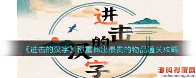 以上就是整理带来的《进击的汉字》称重找出最贵的物品通关攻略,更多关卡攻略,请点击关注源码搜藏网更新!
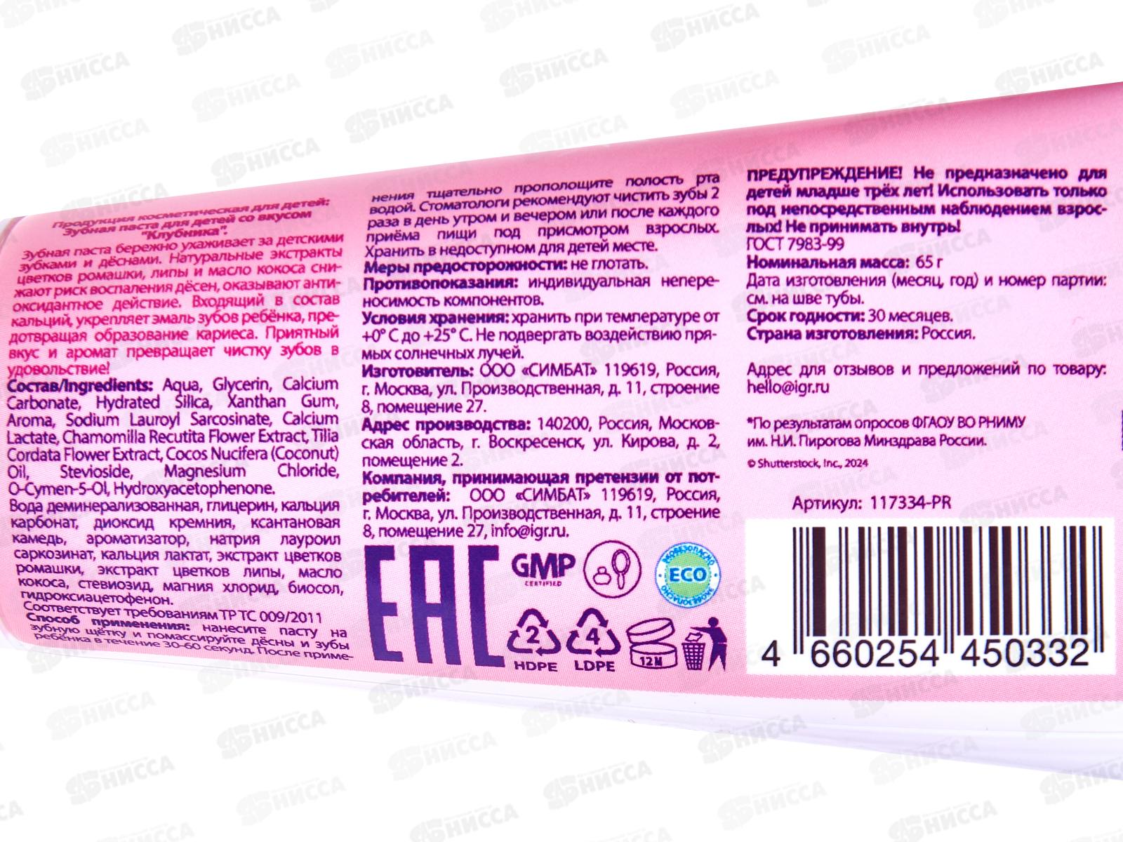 УМКА MASTER DENT зубная паста детская Милая принцесса Клубника 65г *24
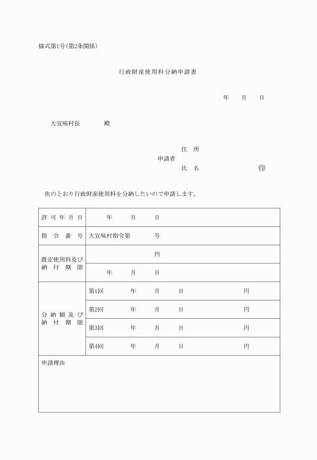 第2条 条例第5条第1項ただし書の規定に基づき、使用料の分納をしようとする者は、使用期間が1年以内の場合は使用許可されたとき、使用期間が1年を超える場合は当該年度の4月30日までに行政財産使用料分納申請書(様式第1号)を提出しなければならない。
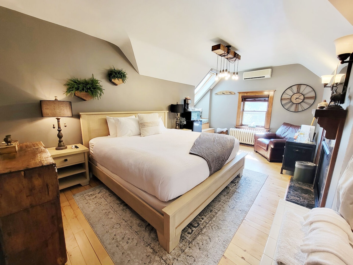 Superior Suite is a beautifully remodeled third-floor suite that blends historic character with refined design. Moody finishes are paired with a striking Lake Superior view, creating a space that feels both dramatic and welcoming. The suite features a Samsung Frame Smart TV, wet bar, fireplace, spacious bathroom, and an in-room jetted tub. A king bed and a sofa bed behind French doors offer flexible sleeping arrangements, along with a refrigerator, microwave, coffee maker, and Netflix access.
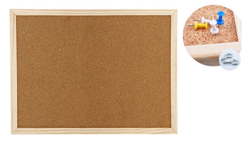 Πίνακας ανακοινώσεων από φελλό, διαστάσεων 30 x 40cmΣτη συσκευασία συμπεριλαμβάνονται ειδικές βίδες για το κρέμασμα του πίνακα στον τοίχο και 5 χρωματιστές πινέζες.

________________________

▶ WHAT TO DO
From the records above, extract the lines from the one holding "第2条 条例第5条第1項ただ" through the one holding "Superior Suite is", word for word; omit the pictures.

▶ REPLY
 第2条 条例第5条第1項ただし書の規定に基づき、使用料の分納をしようとする者は、使用期間が1年以内の場合は使用許可されたとき、使用期間が1年を超える場合は当該年度の4月30日までに行政財産使用料分納申請書(様式第1号)を提出しなければならない。
 Superior Suite is a beautifully remodeled third-floor suite that blends historic character with refined design. Moody finishes are paired with a striking Lake Superior view, creating a space that feels both dramatic and welcoming. The suite features a Samsung Frame Smart TV, wet bar, fireplace, spacious bathroom, and an in-room jetted tub. A king bed and a sofa bed behind French doors offer flexible sleeping arrangements, along with a refrigerator, microwave, coffee maker, and Netflix access.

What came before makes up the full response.